Records excerpted from a collection
══════════════════════════════

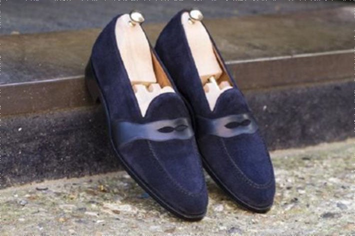 Handmade Men's Loafer Shoes, Men's Navy Blue Suede Loafer
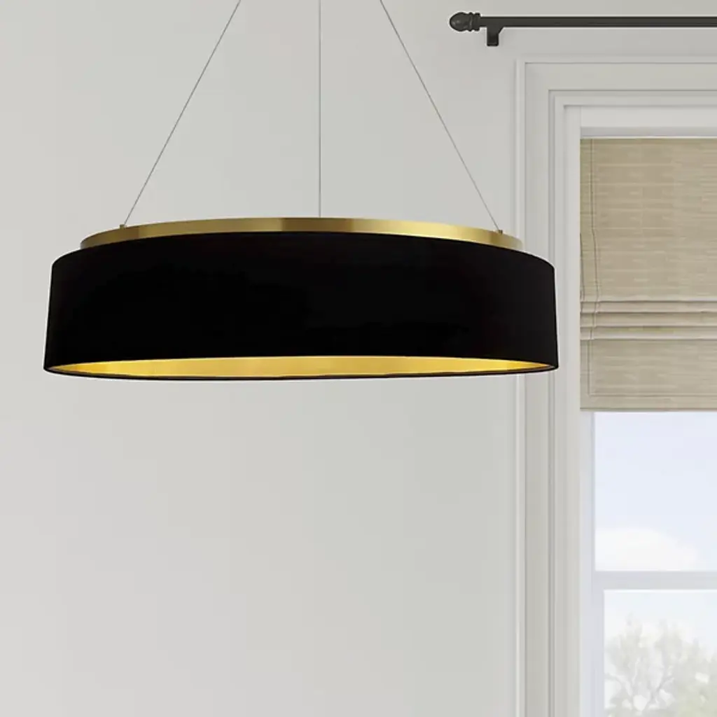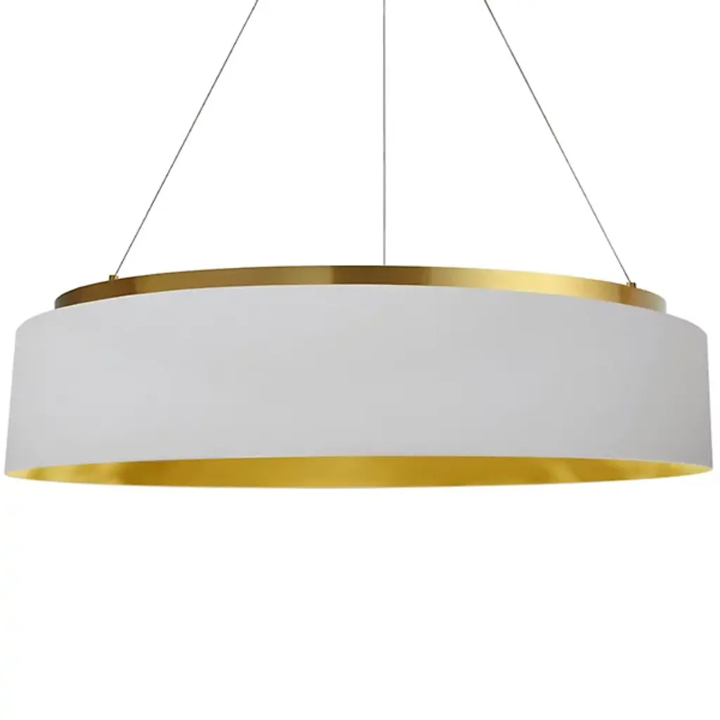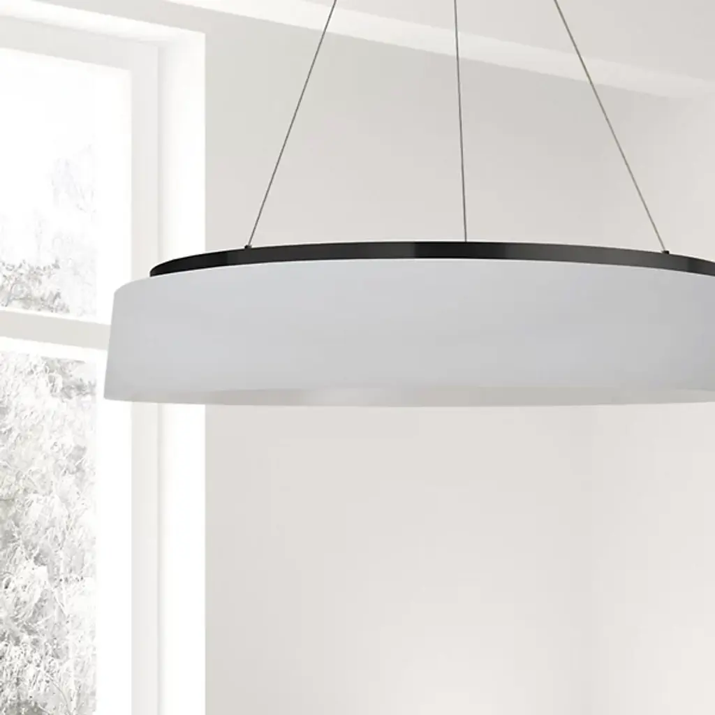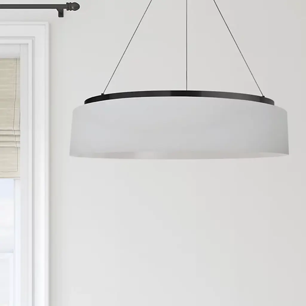 A clean yet soft lighting design for a modern dining area or living room. The Circulo LED Drum Chandelier by Dainolite starts with a metal ring, which includes an acrylic bottom diffuser to even out the light produced by the integrated array of LEDs housed within. A fabric drum shade then clips onto the ring, further diffusing the amount of ambient light and adding to the chandelier’s sense of texture and overall decorative appeal.
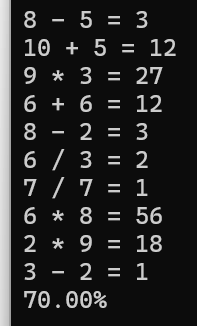 1 #include<bits/stdc++.h> 2 using namespace std; 3 int main(){ 4 srand((unsigned)time(NULL)); 5 int ans; 6 int a,b,c; 7 double sum=0; 8 char op; 9 for(int i=1;i<=10;i++){ 10 ans=0; 11 op="-+*/"[rand()%4]; 12 if(op=='*') 13 { 14 a=rand()%10+1; 15 b=rand()%10+1; 16 ans=a*b; 17 } 18 else if(op=='+') 19 { 20 a=rand()%10+1; 21 b=rand()%10+1; 22 ans=a+b; 23 } 24 else if(op=='-') 25 { 26 a=rand()%10+1; 27 b=rand()%10+1; 28 while(b>a) 29 b=rand()%10+1; 30 ans=a-b; 31 } 32 else 33 { 34 a=rand()%10+1; 35 b=rand()%10+1; 36 while(a%b!=0) 37 b=rand()%10+1; 38 ans=a/b; 39 } 40 cout<<a<<" "<<op<<" "<<b<<" = "; 41 cin>>c; 42 if(c==ans) 43 sum++; 44 } 45 printf("%.2lf%\n",sum*10); 46 return 0; 47 }
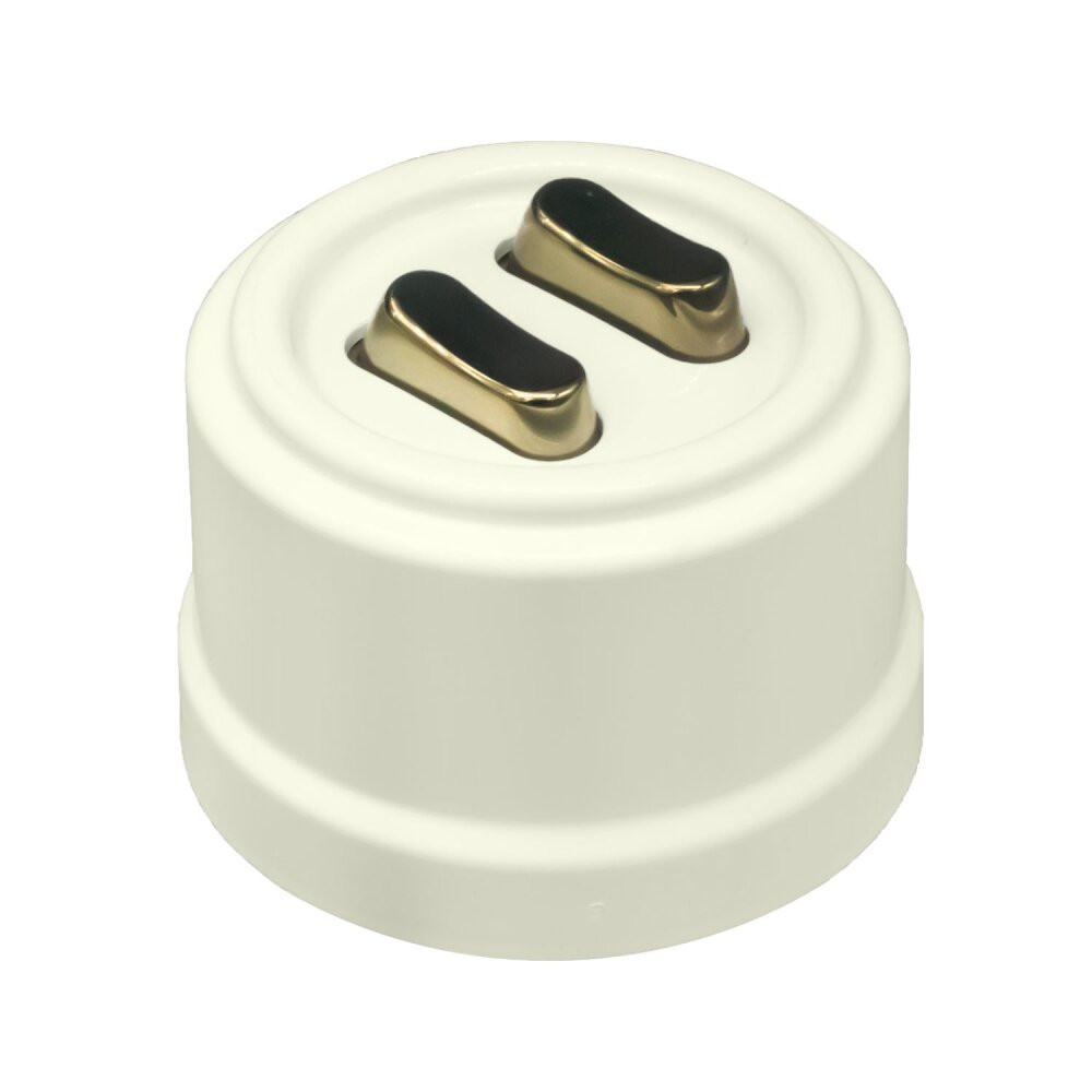 Выключатель Лизетта 2-кл., пластик, цвет Слоновая кость, Бронза (клавишный) (Bironi) B1-222-211-B
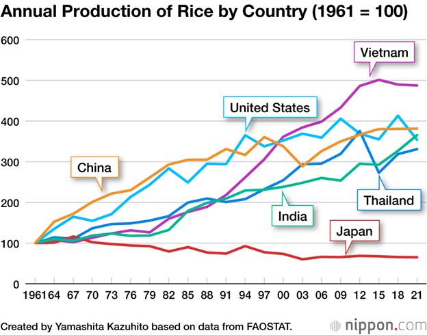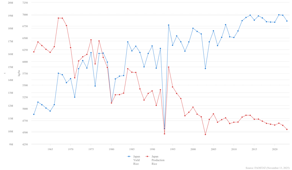 This information is easily found, even if you are not familiar with Japanese agricultural policy. The fact that the FAO data clearly show yields increasing even as production has declined should have sent up alarm bells for the author of the El País article.
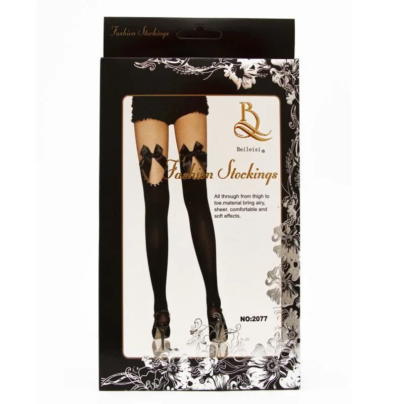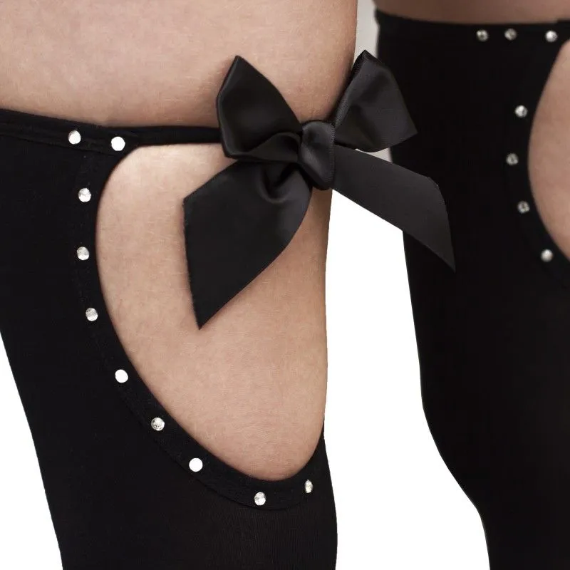 Черные чулки из плотного нейлона тоже могут выглядеть оригинально и необычно. Данная модель это полностью подтверждает. Игривые вырезы сзади, украшенные сияющими стразами, и кокетливые черные бантики демонстрируют особый вкус владелицы чулок. Она явно вознамерилась сегодня кого-то соблазнить, и нет никакой причины, чтобы ей это не удалось.
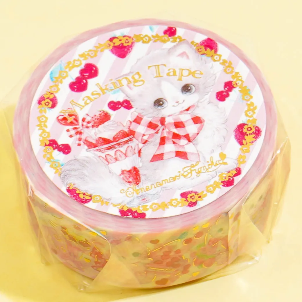 Add this super cute roll of washi paper masking tape to your crafting kit. It features prints of a cute cat posing with a strawberry parfait! Use it to decorat your favorite journal or planner.
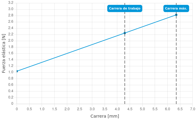 • Fuerza de resorte durante la carrera de trabajo: 2,25 N
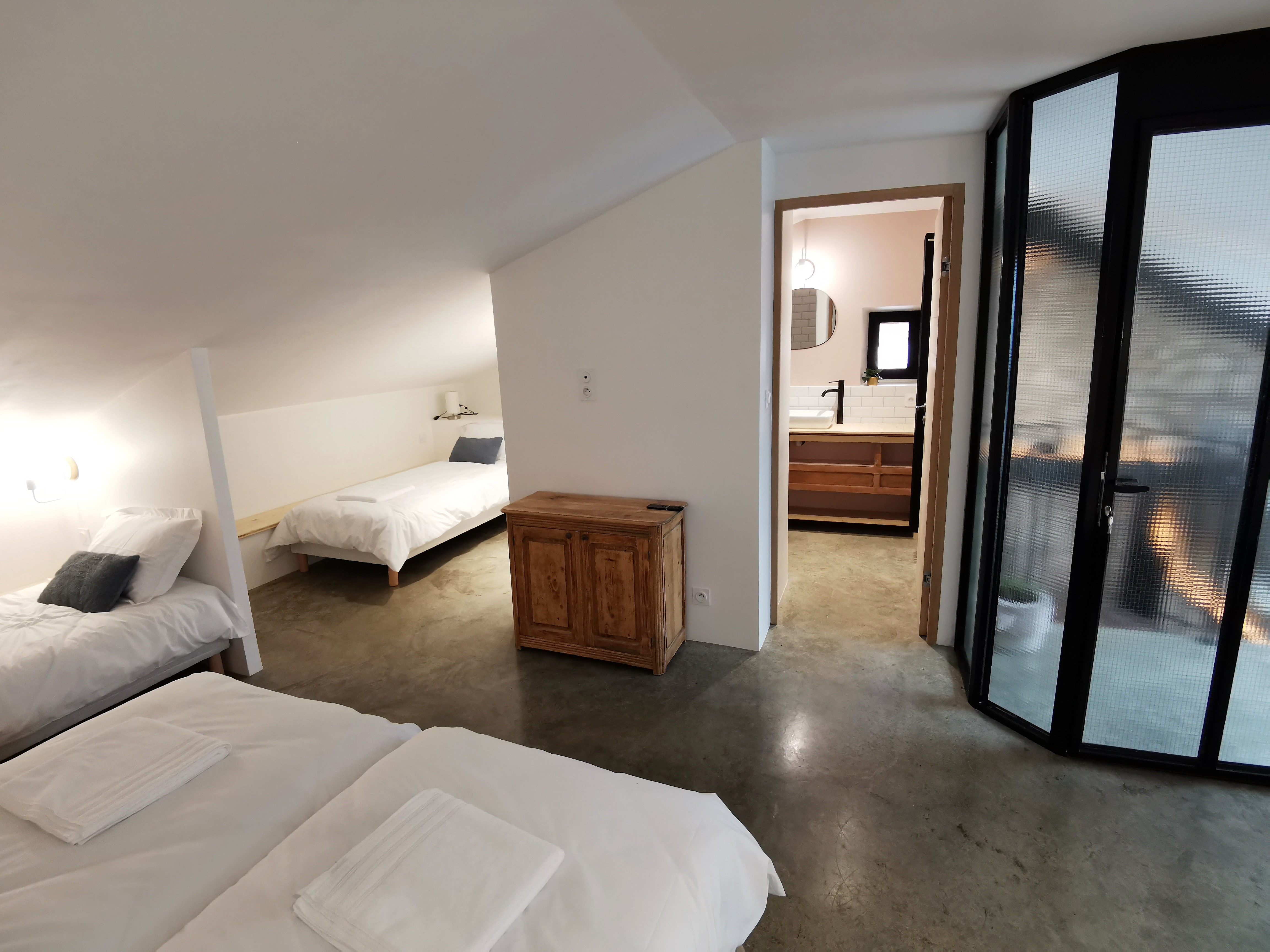 - Chambre 4 pers : 4 lits 1 pers. en 90x190 cm dont 2 lits superposés. Sanitaires privatifs (douche grand format, vasque sur plan et WC).
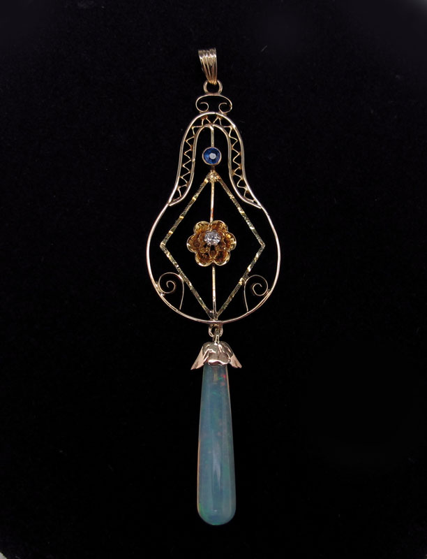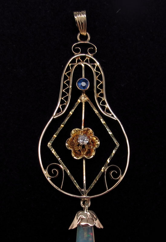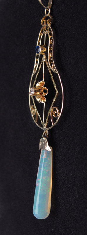 14K GOLD DIAMOND SAPPHIRE AND OPAL DROP PENDANT: Delicate gold work. 2 1/2''l
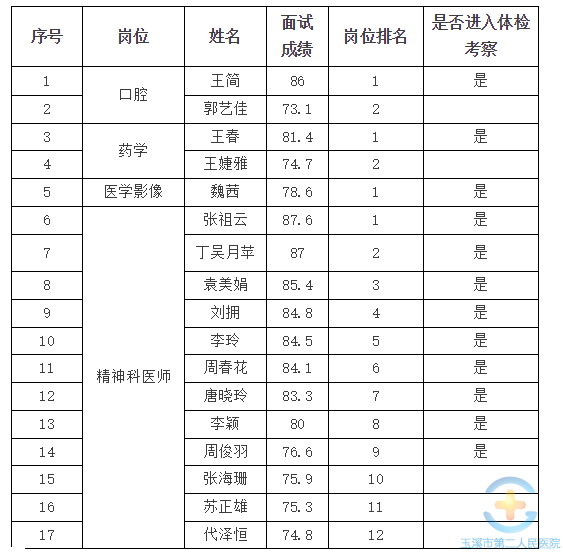 按照《玉溪市第二人民医院2019年提前招聘编制内紧缺、高层次医学人才公告》玉溪第二人民医院提前招聘工作已全面结束,现将参加提前招聘人员的成绩进行公布,体检和考察的时间另行通知。
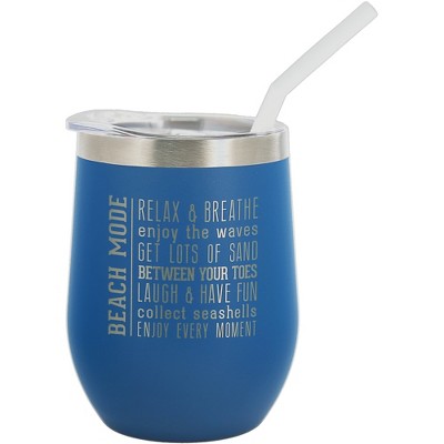 Pavilion Gift Company - Beach Mode - 12 oz Stemless Travel Tumbler with Straw - Portable Drinkware
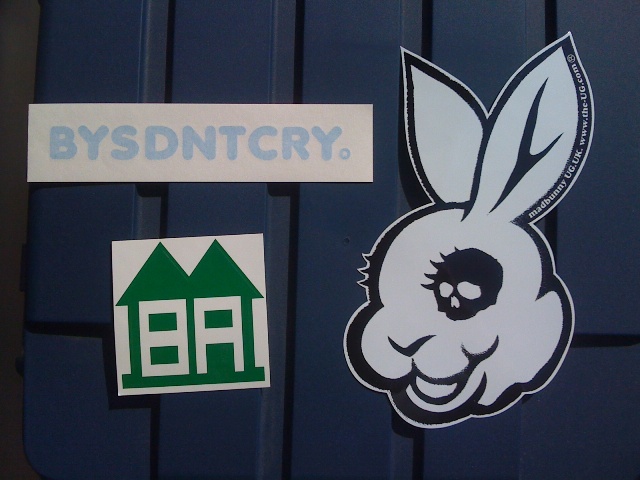 とりあえず今回は、大好きなブランドのUG. MADBUNNY、BYSDNTCRY、INHABITANTのステッカーをチョイス!後からまた増やそっと!
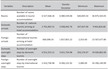 The sample is made up of the 32 Mexican states, based on information provided by DATATUR4 for the period 2011 to 2019. Table 1 shows the study variables and their main descriptive statistics. In order to make the estimates more robust, a balanced panel of data was constructed consisting of 288 observations (32 states and nine years), on which the efficiency analysis is applied.

══════════════════════════════

* _TASK OBJECTIVE_:
Could you give all the records again, exactly, minus the pictures?

* _EXERCISE SOLUTION_:
 Handmade Men's Loafer Shoes, Men's Navy Blue Suede Loafer
 A clean yet soft lighting design for a modern dining area or living room. The Circulo LED Drum Chandelier by Dainolite starts with a metal ring, which includes an acrylic bottom diffuser to even out the light produced by the integrated array of LEDs housed within. A fabric drum shade then clips onto the ring, further diffusing the amount of ambient light and adding to the chandelier’s sense of texture and overall decorative appeal.
 1 #include<bits/stdc++.h> 2 using namespace std; 3 int main(){ 4 srand((unsigned)time(NULL)); 5 int ans; 6 int a,b,c; 7 double sum=0; 8 char op; 9 for(int i=1;i<=10;i++){ 10 ans=0; 11 op="-+*/"[rand()%4]; 12 if(op=='*') 13 { 14 a=rand()%10+1; 15 b=rand()%10+1; 16 ans=a*b; 17 } 18 else if(op=='+') 19 { 20 a=rand()%10+1; 21 b=rand()%10+1; 22 ans=a+b; 23 } 24 else if(op=='-') 25 { 26 a=rand()%10+1; 27 b=rand()%10+1; 28 while(b>a) 29 b=rand()%10+1; 30 ans=a-b; 31 } 32 else 33 { 34 a=rand()%10+1; 35 b=rand()%10+1; 36 while(a%b!=0) 37 b=rand()%10+1; 38 ans=a/b; 39 } 40 cout<<a<<" "<<op<<" "<<b<<" = "; 41 cin>>c; 42 if(c==ans) 43 sum++; 44 } 45 printf("%.2lf%\n",sum*10); 46 return 0; 47 }
 Выключатель Лизетта 2-кл., пластик, цвет Слоновая кость, Бронза (клавишный) (Bironi) B1-222-211-B
 This information is easily found, even if you are not familiar with Japanese agricultural policy. The fact that the FAO data clearly show yields increasing even as production has declined should have sent up alarm bells for the author of the El País article.
 Черные чулки из плотного нейлона тоже могут выглядеть оригинально и необычно. Данная модель это полностью подтверждает. Игривые вырезы сзади, украшенные сияющими стразами, и кокетливые черные бантики демонстрируют особый вкус владелицы чулок. Она явно вознамерилась сегодня кого-то соблазнить, и нет никакой причины, чтобы ей это не удалось.
 Add this super cute roll of washi paper masking tape to your crafting kit. It features prints of a cute cat posing with a strawberry parfait! Use it to decorat your favorite journal or planner.
 • Fuerza de resorte durante la carrera de trabajo: 2,25 N
 - Chambre 4 pers : 4 lits 1 pers. en 90x190 cm dont 2 lits superposés. Sanitaires privatifs (douche grand format, vasque sur plan et WC).
 14K GOLD DIAMOND SAPPHIRE AND OPAL DROP PENDANT: Delicate gold work. 2 1/2''l
 按照《玉溪市第二人民医院2019年提前招聘编制内紧缺、高层次医学人才公告》玉溪第二人民医院提前招聘工作已全面结束,现将参加提前招聘人员的成绩进行公布,体检和考察的时间另行通知。
 Pavilion Gift Company - Beach Mode - 12 oz Stemless Travel Tumbler with Straw - Portable Drinkware
 とりあえず今回は、大好きなブランドのUG. MADBUNNY、BYSDNTCRY、INHABITANTのステッカーをチョイス!後からまた増やそっと!
 The sample is made up of the 32 Mexican states, based on information provided by DATATUR4 for the period 2011 to 2019. Table 1 shows the study variables and their main descriptive statistics. In order to make the estimates more robust, a balanced panel of data was constructed consisting of 288 observations (32 states and nine years), on which the efficiency analysis is applied.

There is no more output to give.